D.Phil.

Title:

Social Interaction Rhythm & Participatory Sense-Making:
An embodied, interactional approach to social understanding, 
with some implications for autism

Awarded 2007, University of Sussex, UK

Abstract:

How do people understand each other? Mainstream approaches to social cognition (like Theory of Mind theory and simulation theory) have not been able to answer this question satisfactorily. This is because they are methodologically individualistic and have not been able to connect the individuals involved in a social interaction. In the present work, existing alternatives to ToM that focus either on embodiment and situatedness, or on aspects of social interaction, are evaluated. On the basis of a framework of social interaction and coordination developed here, it is proposed that a specific combination and elaboration of these two alternatives promises a more fruitful approach to social understanding.

It is suggested that interactional and functional coordination are central to interpersonal connection, and that temporal aspects of interaction processes play a crucial role in this. A specific usage of the notion of interaction rhythm is put forward to delineate and explain aspects of this temporality of social interactions. Combined with this, the concept of a rhythmic capacity is set out, which refers to degree of temporal flexibility in interactions (and is an interactional rather than a strictly individual capacity).

These new concepts allow an explanation of how individuals in interaction connect and how timing, experience and meaning are essential and intertwined elements of social understanding. Together, they underlie a new conceptualisation of social cognition as participatory sense-making.

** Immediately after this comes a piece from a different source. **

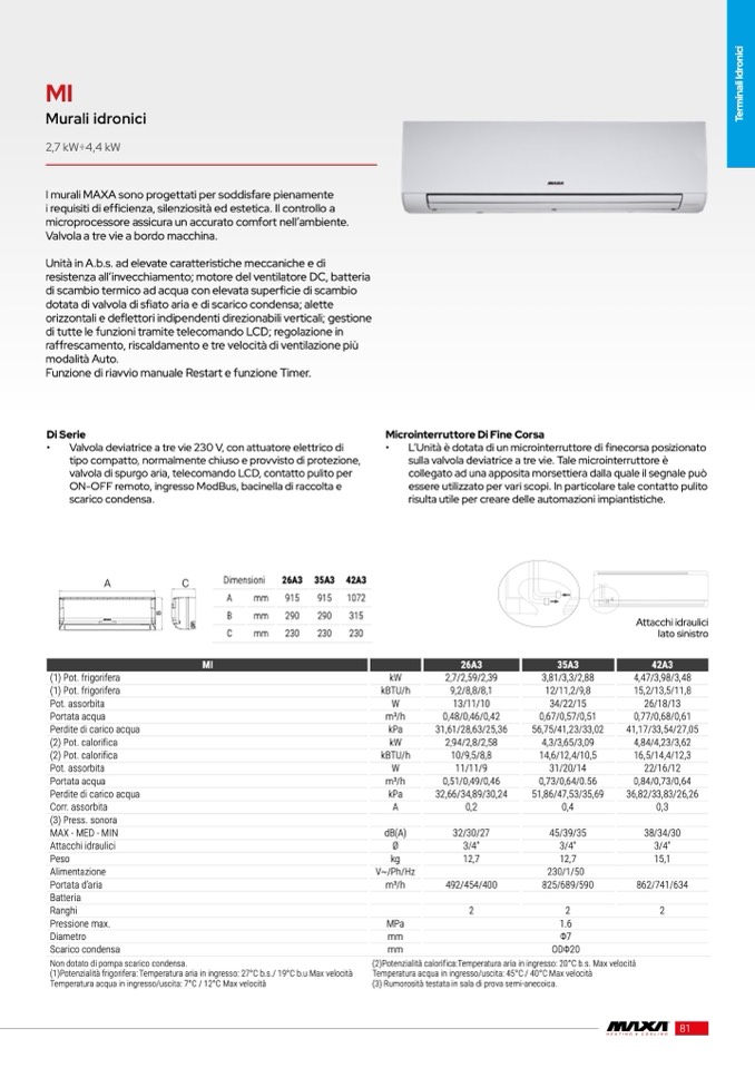 (1)Potenzialità frigorifera: Temperatura aria in ingresso: 27°C b.s./ 19°C b.u Max velocità

Finally, the theoretical framework put forward is applied to the case of autism. This allows a sketch of aspects of its future potential. Our current understanding of autism is critically assessed and the possible advantages of the proposed framework for comprehending this disorder are drawn out. It is suggested that an investigation of the interaction and coordination processes in the social encounters of people with autism – encompassing both the experience of the person with autism and of those interacting with him – will be fruitful, and that this can be done using the embodied, interactional, temporal account of social understanding proposed.